27057,5468,3,590,1.75,False
27058,23914,4,910,4.50,False
27061,11170,4,0,1.00,False
27062,6223,3,0,2.00,False


In [149]:
data = pd.get_dummies(csv[predictors],drop_first=True)
data

Unnamed: 0,SqFtLot,Bedrooms,SqFtFinBasement,Bathrooms,NewConstruction
1,9373,6,0,3.00,False
2,20156,4,1452,3.75,True
3,26036,4,900,1.75,False
4,8618,5,1640,3.75,False
5,8620,4,0,1.75,False
...,...,...,...,...,...
27057,5468,3,590,1.75,False
27058,23914,4,910,4.50,False
27061,11170,4,0,1.00,False
27062,6223,3,0,2.00,False


In [150]:
data['NewConstruction'] = [1 if d else 0 for d in data['NewConstruction']]
data

Unnamed: 0,SqFtLot,Bedrooms,SqFtFinBasement,Bathrooms,NewConstruction
1,9373,6,0,3.00,0
2,20156,4,1452,3.75,1
3,26036,4,900,1.75,0
4,8618,5,1640,3.75,0
5,8620,4,0,1.75,0
...,...,...,...,...,...
27057,5468,3,590,1.75,0
27058,23914,4,910,4.50,0
27061,11170,4,0,1.00,0
27062,6223,3,0,2.00,0


In [151]:
# Entrenamiento con los datos
model = sm.OLS(csv[outcome],data.assign(const=1))
results = model.fit()

results.summary()

0,1,2,3
Dep. Variable:,AdjSalePrice,R-squared:,0.313
Model:,OLS,Adj. R-squared:,0.312
Method:,Least Squares,F-statistic:,2063.0
Date:,"Thu, 05 May 2022",Prob (F-statistic):,0.0
Time:,18:46:27,Log-Likelihood:,-319740.0
No. Observations:,22687,AIC:,639500.0
Df Residuals:,22681,BIC:,639500.0
Df Model:,5,,
Covariance Type:,nonrobust,,

0,1,2,3,4,5,6
,coef,std err,t,P>|t|,[0.025,0.975]
SqFtLot,1.0293,0.074,13.936,0.000,0.885,1.174
Bedrooms,-1790.1275,2852.539,-0.628,0.530,-7381.299,3801.044
SqFtFinBasement,140.5929,5.192,27.079,0.000,130.416,150.769
Bathrooms,2.436e+05,3428.979,71.047,0.000,2.37e+05,2.5e+05
NewConstruction,-3.92e+04,7211.965,-5.435,0.000,-5.33e+04,-2.51e+04
const,-8159.1692,8558.826,-0.953,0.340,-2.49e+04,8616.717

0,1,2,3
Omnibus:,25897.944,Durbin-Watson:,1.205
Prob(Omnibus):,0.0,Jarque-Bera (JB):,7339792.177
Skew:,5.561,Prob(JB):,0.0
Kurtosis:,90.412,Cond. No.,130000.0


In [152]:

def train(variables):
    if len(variables)==0:
        return None
    model = LinearRegression()
    model.fit(csv[variables],csv[outcome])
    return model

def score_model(model,variables):
    if len(variables)==0:
        return None # Como obtener el AIC_score cuando no hay variables
    return AIC_score(csv[outcome],model.predict(csv[variables]),model)

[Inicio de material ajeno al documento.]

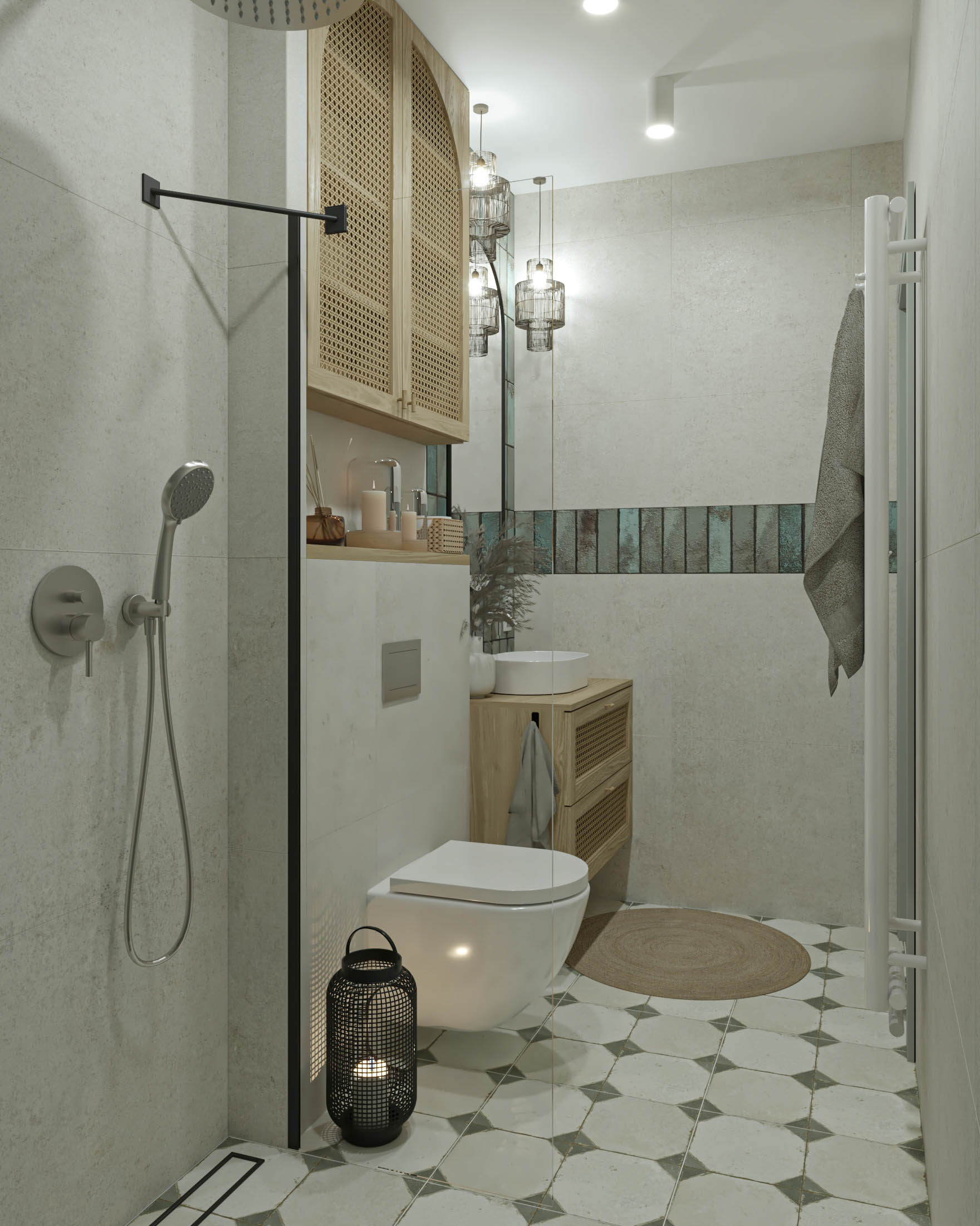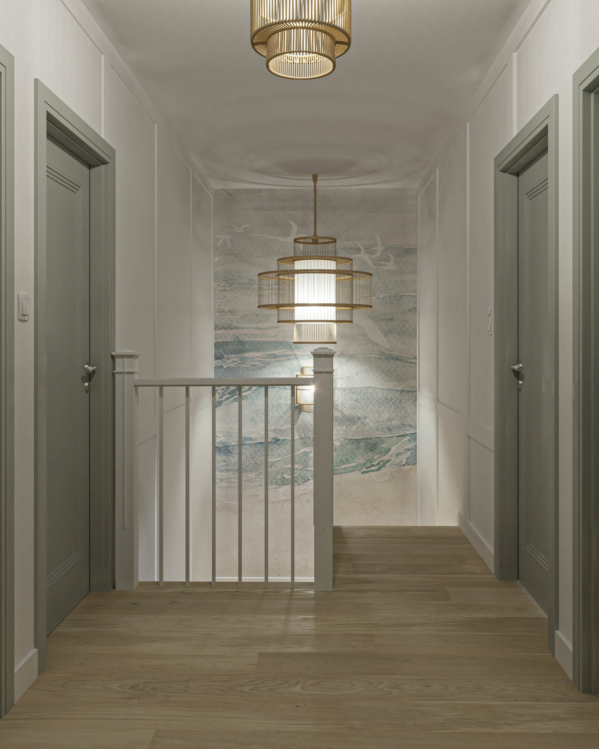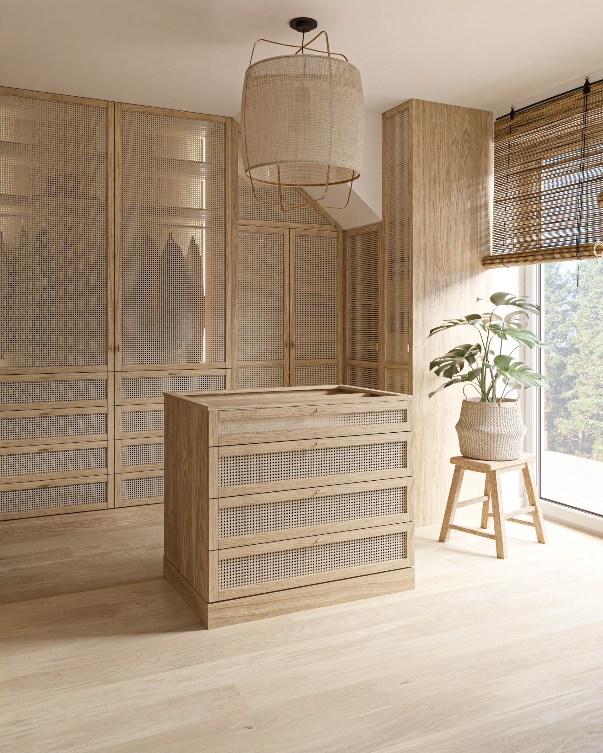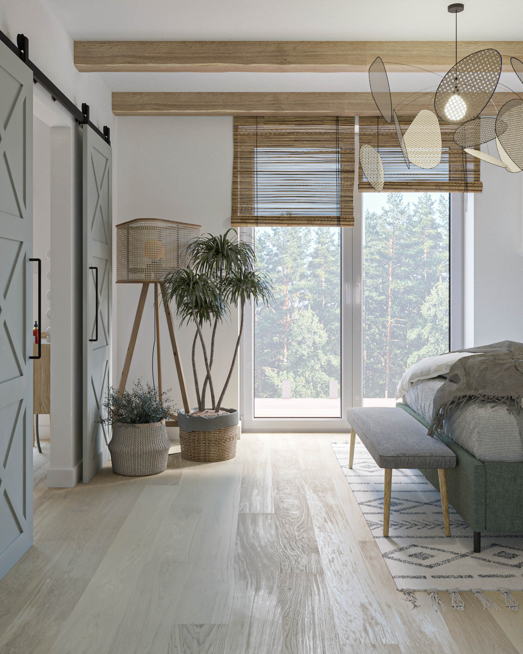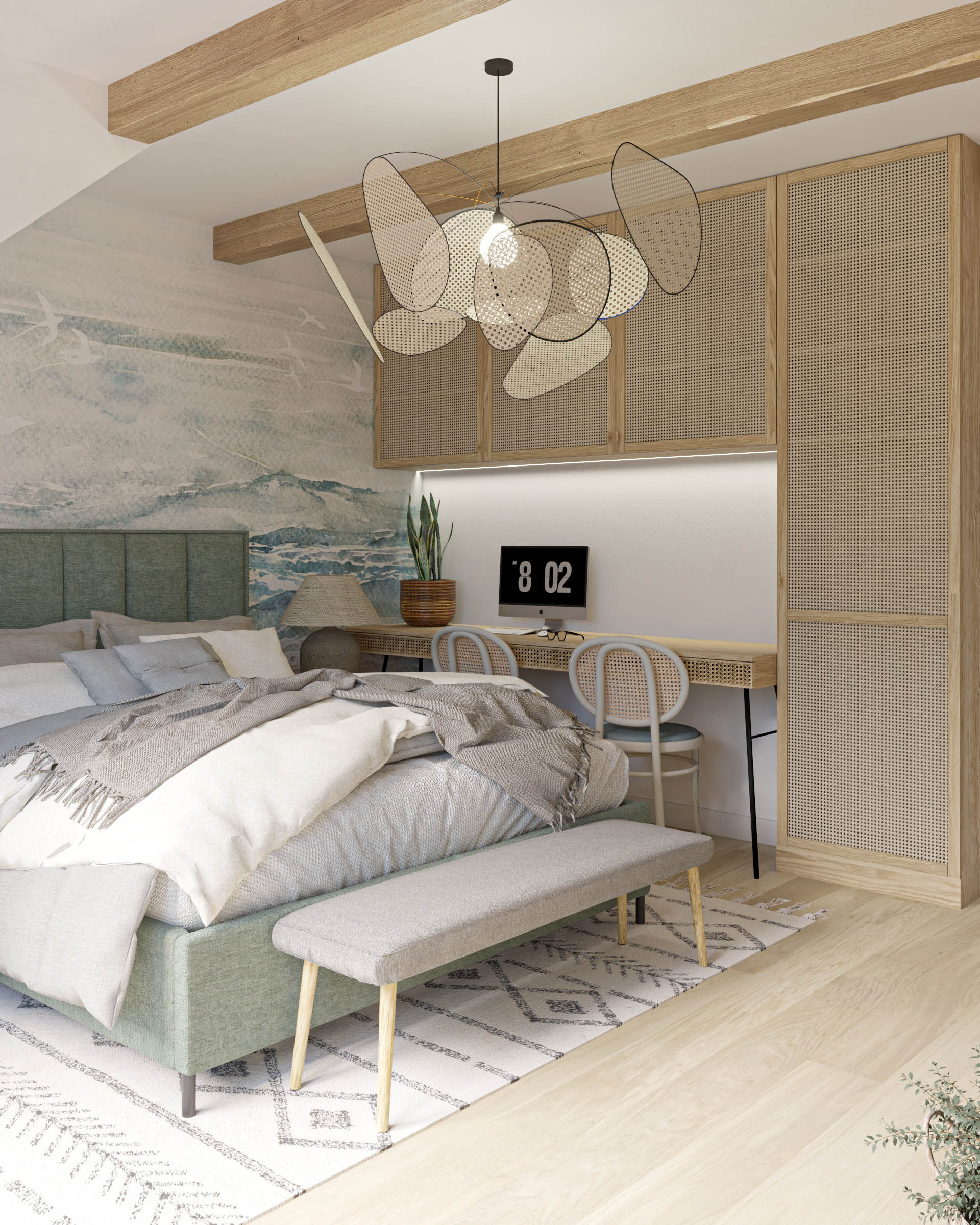 Dom został zaprojektowany w stylu śródziemnomorskim, przełamany lekkością i naturalnością estetyki boho. Jasna, naturalna paleta barw – beże, złamane biele, szałwiowa zieleń i przygaszone błękity – buduje spokojną, harmonijną atmosferę inspirowaną naturą i nadmorskim krajobrazem. Drewno, rattan, plecionki i miękkie tkaniny nadają przestrzeni ciepło oraz przytulność, a powtarzalność materiałów w całym domu zapewnia spójność kompozycji. To elegancki, ale swobodny dom, w którym nowoczesność łączy się z wakacyjną lekkością.

model,variables = stepwise_selection(csv.columns,train_model=train,score_model=score_model,verbose=True,direction='backward')

variables

Variables: PropertyID, zhvi_px, zhvi_idx, AdjSalePrice, NbrLivingUnits, SqFtLot, SqFtTotLiving, SqFtFinBasement, Bathrooms, Bedrooms, BldgGrade, YrBuilt, YrRenovated, TrafficNoise, LandVal, ImpsVal, ZipCode, NewConstruction
Start: score=-918244.76, constant
Step: score=-986141.51, remove SqFtLot
Step: score=-986141.51, unchanged None


['PropertyID',
 'zhvi_px',
 'zhvi_idx',
 'AdjSalePrice',
 'NbrLivingUnits',
 'SqFtTotLiving',
 'SqFtFinBasement',
 'Bathrooms',
 'Bedrooms',
 'BldgGrade',
 'YrBuilt',
 'YrRenovated',
 'TrafficNoise',
 'LandVal',
 'ImpsVal',
 'ZipCode',
 'NewConstruction']

In [153]:
data2 = csv[variables]
data2['NewConstruction'] = [1 if d else 0 for d in data2['NewConstruction']]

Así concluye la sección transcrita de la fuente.